🤖 AI Summary
To address the demand for fully autonomous decision-making in intelligent greenhouses, this work tackles key challenges in agricultural reinforcement learning—namely, environmental non-stationarity, stringent physical constraints, and high requirements for interpretability and real-time responsiveness. We propose an end-to-end control framework integrating deep reinforcement learning, model predictive control (MPC), and multi-source temporal sensor modeling. Our approach innovatively embeds domain-specific physical constraints and incorporates an online adaptive mechanism to enhance robustness, interpretability, and sub-millisecond control latency. Evaluated in the third Autonomous Greenhouse Challenge—featuring 46 international teams—our method achieved second place globally. It increased tomato yield by 12.3% and reduced energy consumption by 8.7%, demonstrating both practical efficacy and strong cross-scenario generalization capability.
📝 Abstract
Machine learning has been successful in building control policies to drive a complex system to desired states in various applications (e.g. games, robotics, etc.). To be specific, a number of parameters of policy can be automatically optimized from the observations of environment to be able to generate a sequence of decisions leading to the best performance.

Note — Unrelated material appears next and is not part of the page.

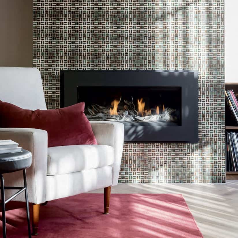 Encastré dans une cheminée habillée de petits carreaux aux formes géométriques, ce foyer à gaz linéaire ne manque pas de caractère! Offerte dans une vaste gamme de motifs, de couleurs et de prix, la céramique demeure fort populaire pour ce type d’utilisation, car elle est solide et résistante à la chaleur. Pour s’assurer du plus bel effet, sans trop de coupes dans le matériau, on choisit un carrelage dont les dimensions s’ajusteront au mieux à celles du manteau de cheminée.

In this survey paper, we particularly explore such policy-learning techniques for another unique, practical use-case scenario--farming, in which critical decisions (e.g., water supply, heating, etc.) must be made in a timely manner to minimize risks (e.g., damage to plants) while maximizing the revenue (e.g., healthy crops) in the end. We first provide a broad overview of latest studies on it to identify not only domain-specific challenges but opportunities with potential solutions, some of which are suggested as promising directions for future research. Also, we then introduce our successful approach to being ranked second among 46 teams at the ''3rd Autonomous Greenhouse Challenge'' to use this specific example to discuss the lessons learned about important considerations for design to create autonomous farm-management systems.